Records from a collection
______________________________
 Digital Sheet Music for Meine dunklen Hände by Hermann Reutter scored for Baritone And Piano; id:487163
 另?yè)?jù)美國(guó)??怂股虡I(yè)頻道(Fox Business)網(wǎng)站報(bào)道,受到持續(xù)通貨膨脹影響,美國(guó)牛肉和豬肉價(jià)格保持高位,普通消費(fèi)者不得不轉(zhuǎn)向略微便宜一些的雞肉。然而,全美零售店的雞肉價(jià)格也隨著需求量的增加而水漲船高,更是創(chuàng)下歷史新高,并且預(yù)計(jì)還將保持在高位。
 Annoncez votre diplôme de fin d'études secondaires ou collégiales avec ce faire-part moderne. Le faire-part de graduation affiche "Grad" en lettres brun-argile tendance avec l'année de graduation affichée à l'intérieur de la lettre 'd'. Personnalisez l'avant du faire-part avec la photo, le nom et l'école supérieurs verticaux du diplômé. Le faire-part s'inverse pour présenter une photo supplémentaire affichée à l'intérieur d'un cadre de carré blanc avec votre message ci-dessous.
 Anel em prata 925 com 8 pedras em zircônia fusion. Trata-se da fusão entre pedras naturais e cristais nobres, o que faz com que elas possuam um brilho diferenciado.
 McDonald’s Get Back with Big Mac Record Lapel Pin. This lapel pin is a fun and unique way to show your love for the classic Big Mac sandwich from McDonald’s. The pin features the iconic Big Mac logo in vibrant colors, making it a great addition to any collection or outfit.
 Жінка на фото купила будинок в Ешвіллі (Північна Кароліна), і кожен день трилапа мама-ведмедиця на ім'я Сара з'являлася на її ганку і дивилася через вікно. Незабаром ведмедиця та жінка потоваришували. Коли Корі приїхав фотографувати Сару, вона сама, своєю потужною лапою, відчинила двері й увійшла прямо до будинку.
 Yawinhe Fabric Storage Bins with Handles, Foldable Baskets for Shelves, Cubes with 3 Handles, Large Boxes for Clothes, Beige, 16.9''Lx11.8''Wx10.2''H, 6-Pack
______________________________
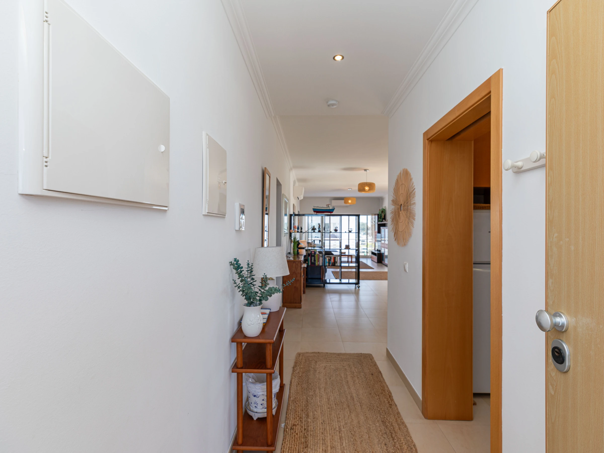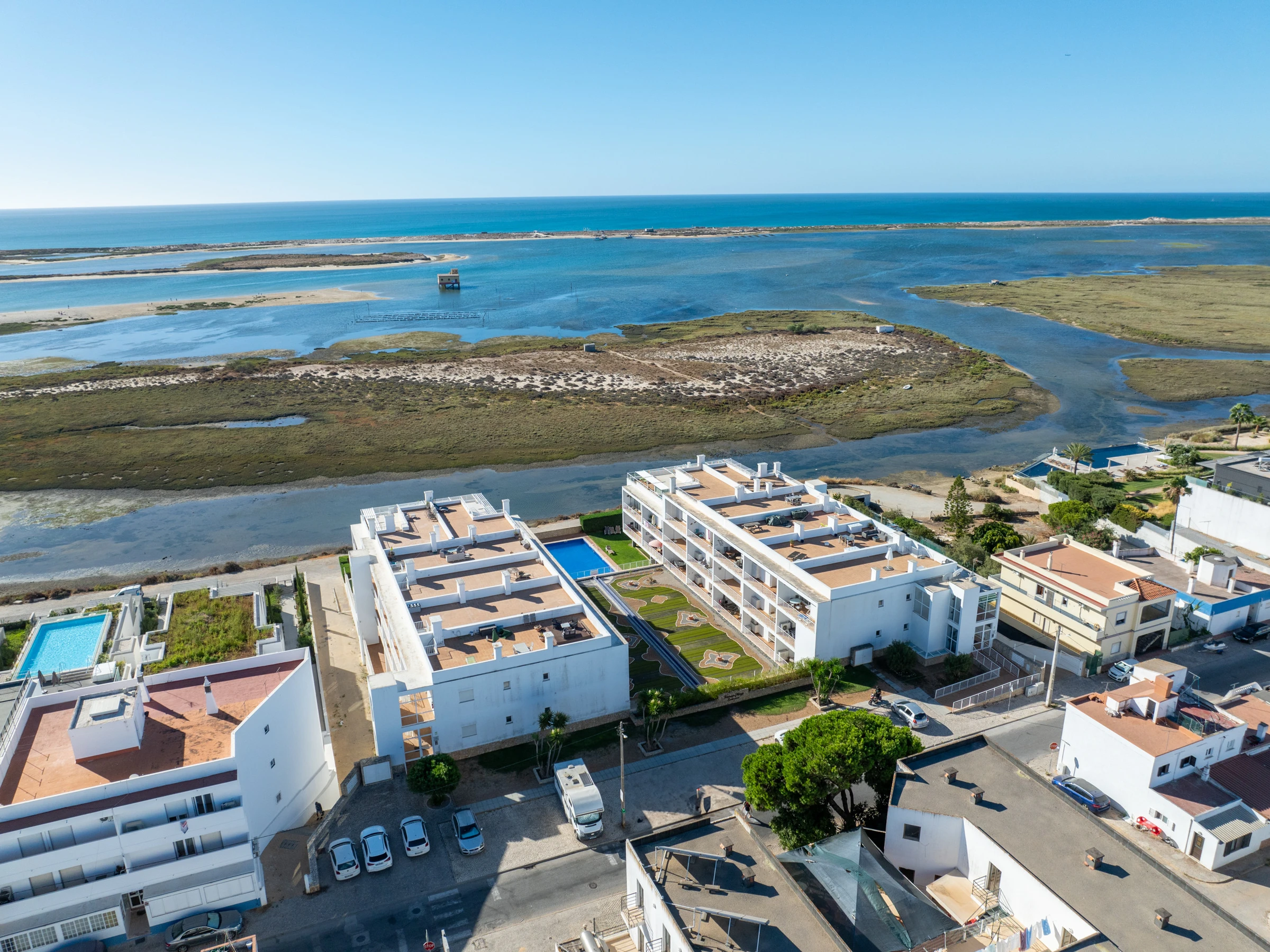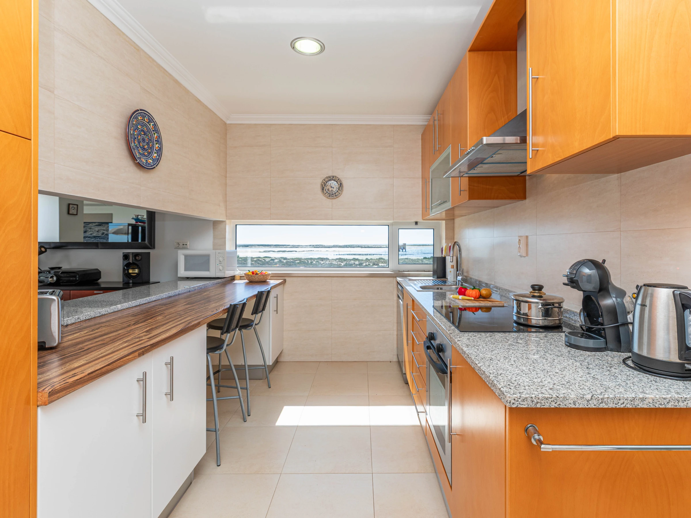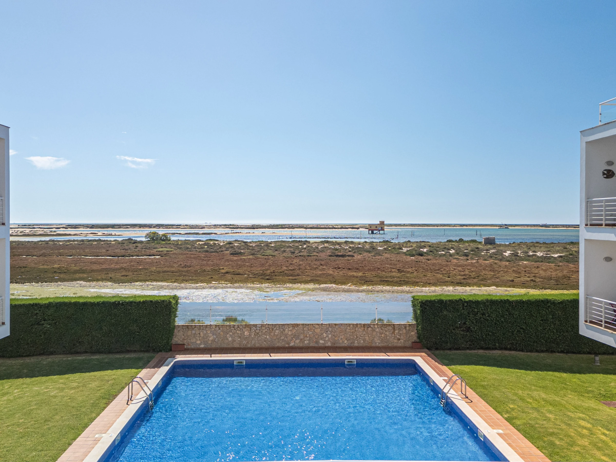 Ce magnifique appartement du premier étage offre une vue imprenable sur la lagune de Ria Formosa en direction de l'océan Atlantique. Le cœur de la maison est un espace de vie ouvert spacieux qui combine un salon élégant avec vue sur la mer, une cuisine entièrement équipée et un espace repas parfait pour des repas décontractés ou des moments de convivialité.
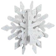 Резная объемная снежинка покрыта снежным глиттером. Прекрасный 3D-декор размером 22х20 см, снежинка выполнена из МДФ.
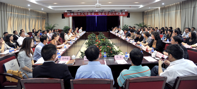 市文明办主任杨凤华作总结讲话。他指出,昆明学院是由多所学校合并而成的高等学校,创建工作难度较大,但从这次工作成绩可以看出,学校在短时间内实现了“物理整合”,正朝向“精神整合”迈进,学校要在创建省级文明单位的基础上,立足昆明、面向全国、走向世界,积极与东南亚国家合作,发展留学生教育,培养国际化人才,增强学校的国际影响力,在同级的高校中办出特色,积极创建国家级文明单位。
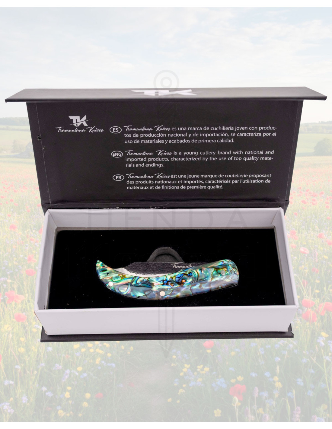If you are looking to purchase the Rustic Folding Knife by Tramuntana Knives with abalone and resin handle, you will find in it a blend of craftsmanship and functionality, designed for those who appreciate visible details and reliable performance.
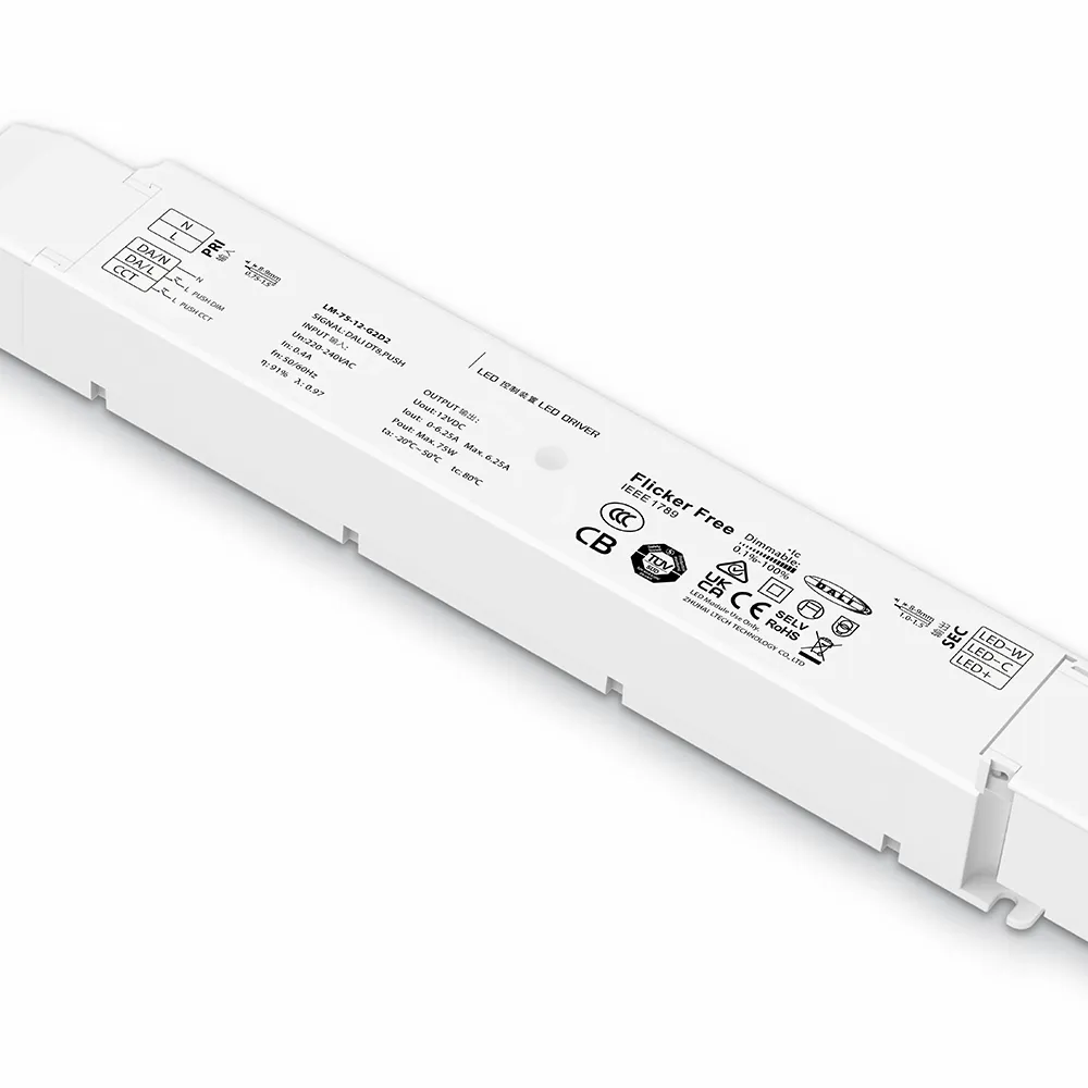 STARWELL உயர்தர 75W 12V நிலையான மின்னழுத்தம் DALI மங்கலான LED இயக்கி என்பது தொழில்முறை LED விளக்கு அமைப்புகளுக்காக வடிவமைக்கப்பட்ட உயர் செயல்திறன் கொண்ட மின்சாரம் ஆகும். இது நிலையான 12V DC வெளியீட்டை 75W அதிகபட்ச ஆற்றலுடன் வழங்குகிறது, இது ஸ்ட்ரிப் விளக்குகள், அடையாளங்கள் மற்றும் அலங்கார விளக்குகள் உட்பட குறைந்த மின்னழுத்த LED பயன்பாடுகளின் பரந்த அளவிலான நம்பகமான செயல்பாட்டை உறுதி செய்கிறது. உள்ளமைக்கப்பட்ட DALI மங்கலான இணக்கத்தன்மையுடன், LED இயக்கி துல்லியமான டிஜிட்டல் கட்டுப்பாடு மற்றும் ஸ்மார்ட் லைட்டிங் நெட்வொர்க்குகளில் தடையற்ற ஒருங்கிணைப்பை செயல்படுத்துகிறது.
______________________________
## Exercise details
Give back, exactly as written, the stretch from the line with "Digital Sheet Music" through the line with "另?yè)?jù)美國(gu", and no other lines from the records above.

## Response to this exercise
 Digital Sheet Music for Meine dunklen Hände by Hermann Reutter scored for Baritone And Piano; id:487163
 另?yè)?jù)美國(guó)??怂股虡I(yè)頻道(Fox Business)網(wǎng)站報(bào)道,受到持續(xù)通貨膨脹影響,美國(guó)牛肉和豬肉價(jià)格保持高位,普通消費(fèi)者不得不轉(zhuǎn)向略微便宜一些的雞肉。然而,全美零售店的雞肉價(jià)格也隨著需求量的增加而水漲船高,更是創(chuàng)下歷史新高,并且預(yù)計(jì)還將保持在高位。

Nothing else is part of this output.